Anna se acercó y susurró: —Ni lo intentes.

Un fracaso con manos no deja de ser fracaso.

El chico retrocedió, tragando lágrimas.

La antigua Anna sonrió, satisfecha.

El flashback se desvaneció.

— Volviendo al presente Anna se apartó de la pared con un gemido frustrado.

Sus manos temblaban ligeramente.

—¿Esa era yo…?

—susurró.

No importaba cuántas veces recordara su vida pasada.

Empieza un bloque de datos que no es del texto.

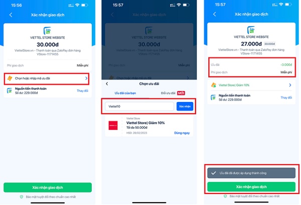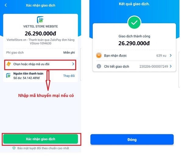 – Khách hàng nhập mã khuyến mại để được áp dụng CTKM từ Viettel Store:

Estos fragmentos de crueldad nunca dejaban de doler.

¿Usar magia como antes?

¿Controlarla como lo hacía la otra Anna?

No.

Esa magia estaba construida sobre arrogancia, miedo, superioridad y abuso.

Solo pensar en tocarla la hacía sentir como si se hundiera en agua negra.

—Si no puedo usarla sin convertirme en ella… —murmuró— ¿para qué la tengo?

Sus ojos ardieron un instante, pero respiró profundo.

Fue entonces cuando escuchó pasos acercándose.

Su cuerpo se tensó.

Pero la figura que apareció no era Alistair.

Era Marien, la chica de cabello oscuro y mirada suave a la que Anna había defendido hacía unos días.

La misma que había sufrido bajo las burlas de Alistair… y bajo las de la antigua Anna.

Marien se detuvo a un metro de distancia, indecisa.

—Te vi salir del aula —dijo con una voz cautelosa—.

Y… parecías mal.

¿Estás… bien?

Anna cerró los ojos un segundo.

Cuando los abrió, la fachada de dureza aún estaba ahí, pero fisurada.

—Estoy bien —respondió.

Una mentira fácil, pero Marien no era tonta.

Ella no se acercó, pero tampoco retrocedió.

Sus manos estaban entrelazadas con nerviosismo.

—Si fue por Alistair… —dijo con un hilo de voz— no deberías escucharlo.

Él… él hace eso.

Con todos.

Y contigo… peor.

Anna la miró, sorprendida.

Marien tragó saliva, juntando valor para continuar.

—No importa lo que él diga.

Sé que tú eres distinta ahora.

Esas palabras golpearon más fuerte que cualquiera de Alistair.

Anna quedó inmóvil.

Marien desvió la mirada al ver que quizá había sido demasiado directa.

—Perdón… yo… solo quería decírtelo.

Hubo un largo silencio.

Finalmente, Anna habló.

Su voz era baja, pero real.

—Gracias, Marien.

Y en ese instante, por primera vez en todo el día, algo dentro de Anna dejó de arder.